I was suddenly surrounded by blank looks.
“Down and Out in Paris and London was one of my favorite books.”
Now, we were friends.
Wait a triple-sec, this must surely be British wit Martin Amis’s son whom I’d read about in a gossip glossy. He sure did resemble him at least: I dared not risk asking him, though.
After that, things grew as fuzzy as a frozen sorbet and I awoke with a start in the middle of le matin (which with earthly jetlag means, I don’t know, sometime after twelve without an alarm clock), just in time to throw on my dungarees and jumper and greet the arriving-on-time Austrian boulevardier at the door of my pied-a-terre planted firmly near the Marais, close to one of Paris’s most scenic squares: the pop Place des Vosges.
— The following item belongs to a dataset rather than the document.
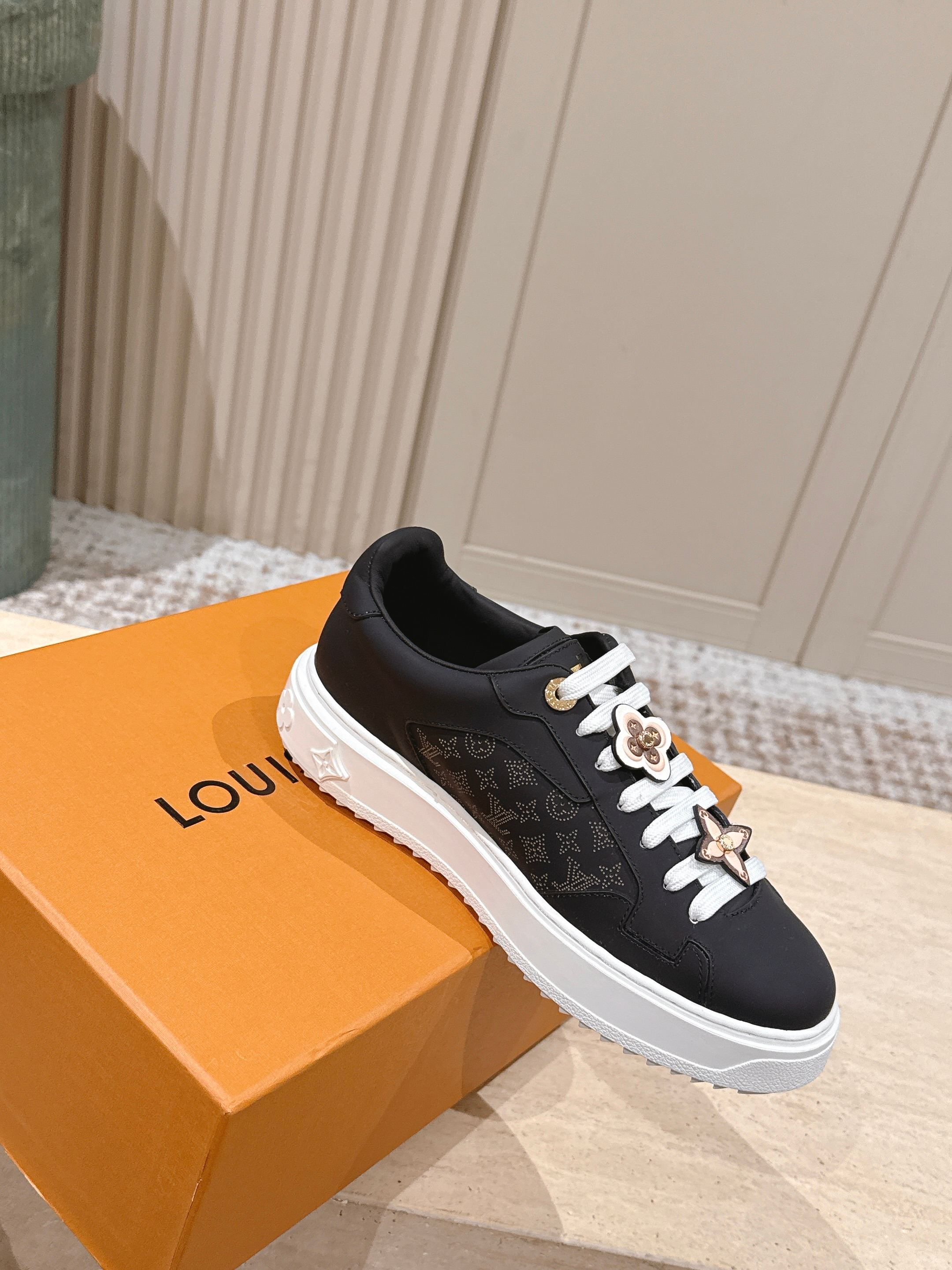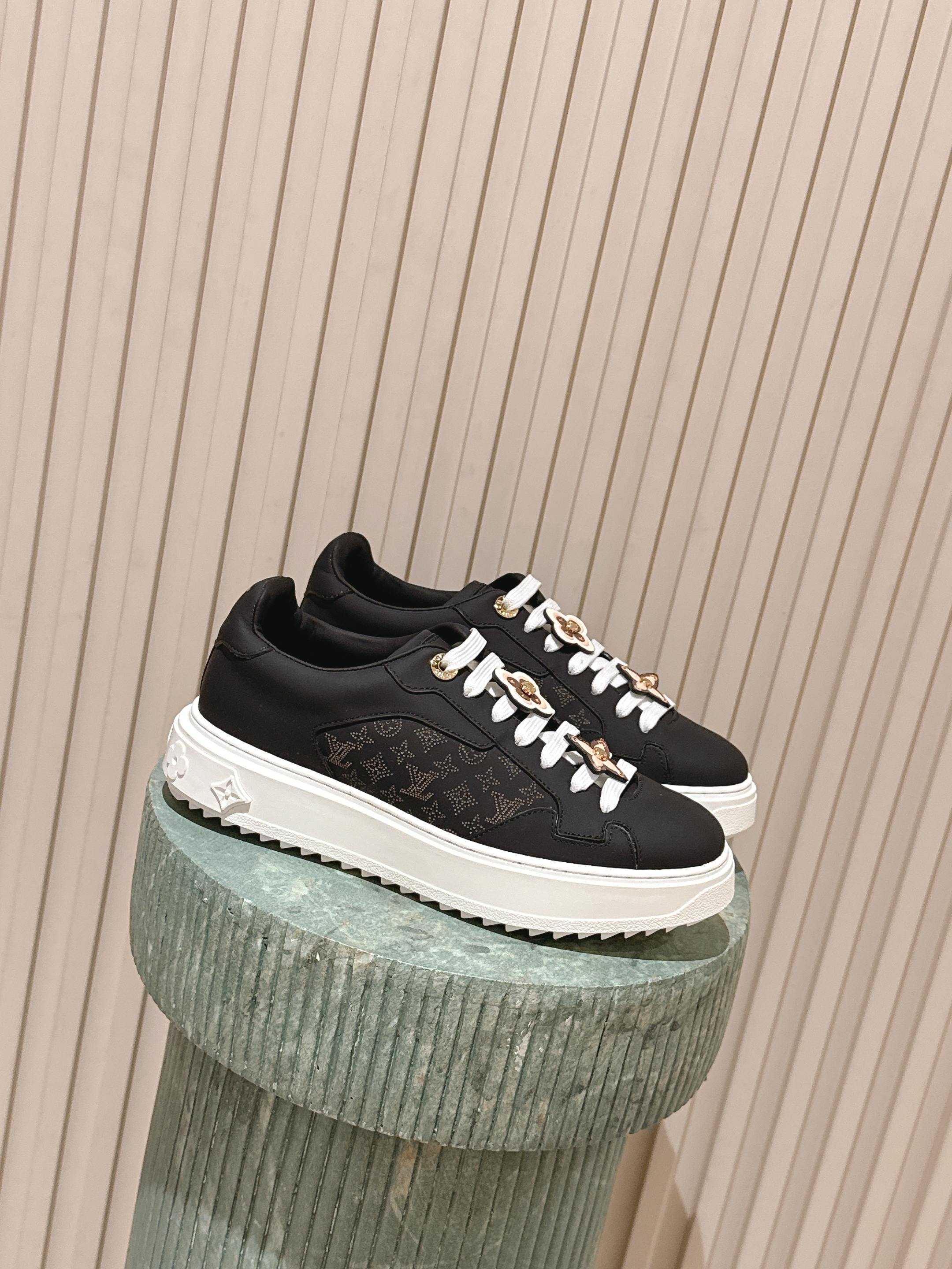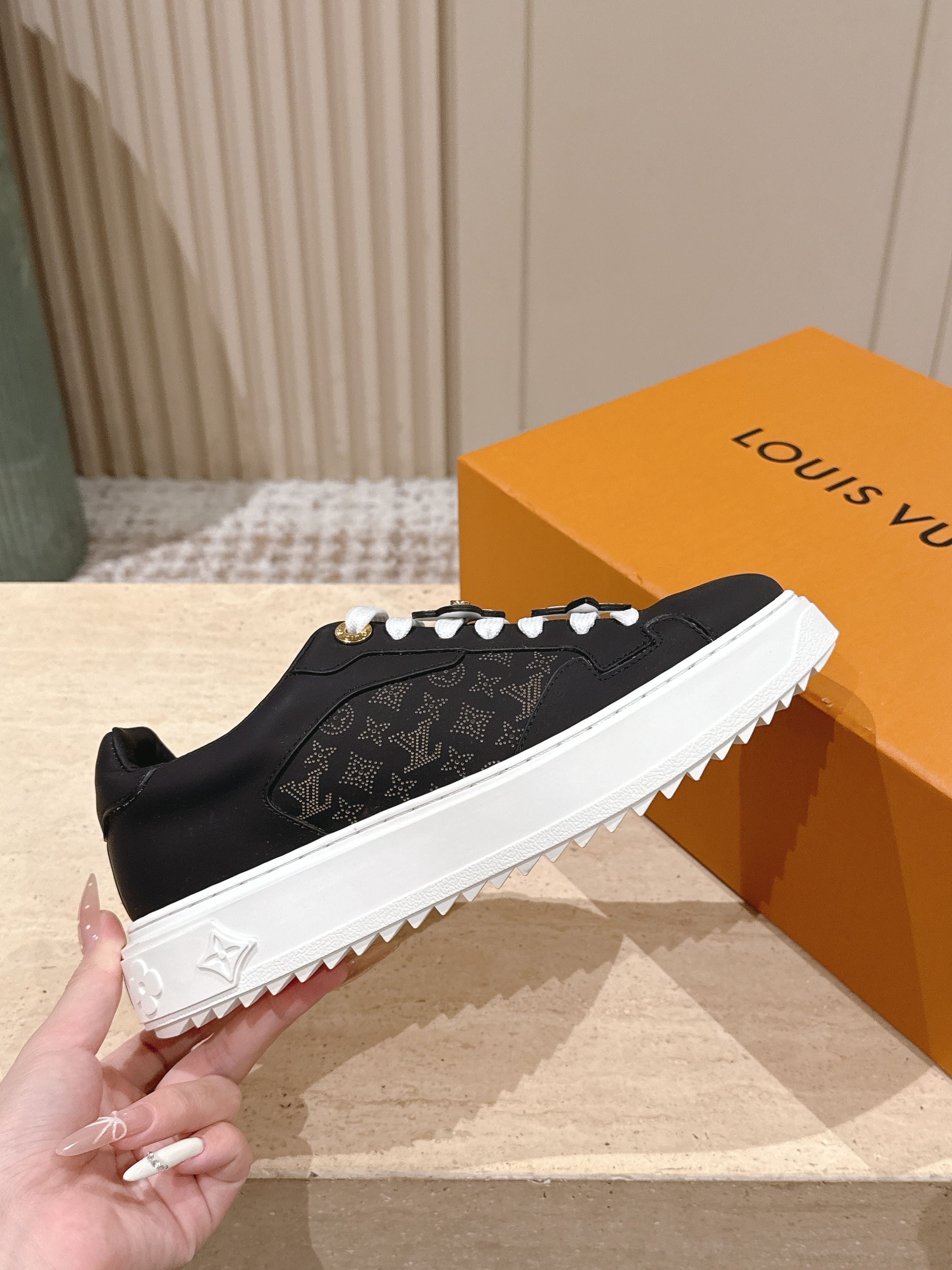 LV 1AICMB Time Out Sneaker Black Perforated Mahina Mongram Leather 555678

Since the Austrian didn’t actually live in Paris and was only here for a short time, I of course let him make a much-need long-term trunk phonecall.
I thought it might be amusing, since we both had Germanic backgrounds, to take a look-see down the Rue des Rosiers, the only Jewish street I know of in all of Paris.
“Look over there, I think I once stiffed that guy for change over a falafel, not on purpose though!” The Hassidic Jew, clothed in only one set of black clothes, looked at both of us strangely as we passed.
“As you can see, this is a Jewish street,” I said.
“I can tell,” the Austrian responded.
The rest of the day was spent wandering all of Paris, checking out the best bistros and cafes, money no option. I was really in need of a three-Michelin-rosette splurge, even if I said, “Mon Dieu,” when I saw the eye-popping sum on l’addition.
“Ah, Paris in the Springtime” is a pleasant anomaly, when it’s the Fall we are after, when most Parisians take their month-long vacances and the streets are filled with tourists with real wonder in their eyes, especially in the fragrancy of the Egoist-scented flower-filled Jardin Luxembourg and Tuilleries.
And as everyone knows, there is nothing I love more than plane trees. Except my frequent fifteen-minute visits to the famous Louvre (of course, cutting in front of the line) to check out the cool painting of William the Conqueror, who conquered the ex-Roman British Isles (then including Ireland) in 1066 thus refining Old English for all of us, its allure for me being that “The Conquering Worm” looked really a lot like me.
Pretending to write bad poetry here (my creative writing prof at college was Peter Cooley), though I did have at least one publication back then, was a convenient excuse to enjoy life and avoid getting a real job. Unfortunately, The International Herald Tribune only kept my curriculum vitae on file and I didn’t bother applying for a job at the American Church’s English-language Paris Voice, so I was forced into tutoring French and editing manuscripts for other would-be writers (a sorry lot indeed). I had already worked as an editor at Pocket Books, so I sort of knew what I was doing.
But this is what real life is like: an early rough draft of a travel piece I worked on there I later revised after repeat visits and won a coveted NATJA Award.
Under the shadow of Montmartre and within sight of the Seine, which has a smaller version of the original Lady Liberty, easily toured by bateau mouche (boat fly), life was grand. I did understand what the French were saying behind my back, but do you? “Il mange bien!”
But as Le Roi Soleil (The Sun King) famously quipped, his words echoing throughout the ages and thus proving the accepted wisdom of “the divine right of kings”: “Aprés moi le deluge!”
Eventually I would have to leave this improbable playground, so I paid a visit to Pere La Chaise cemetery to cut butts like Serge Gainsbourg and pay my respects to Jim Morrison (lead singer for The Doors), Oscar Wilde (author of “The Picture of Dorian Gray”), and George Melies (pioneer cineaste of “A Trip to the Moon”) “Au Revoir, Messieurs-Dames!”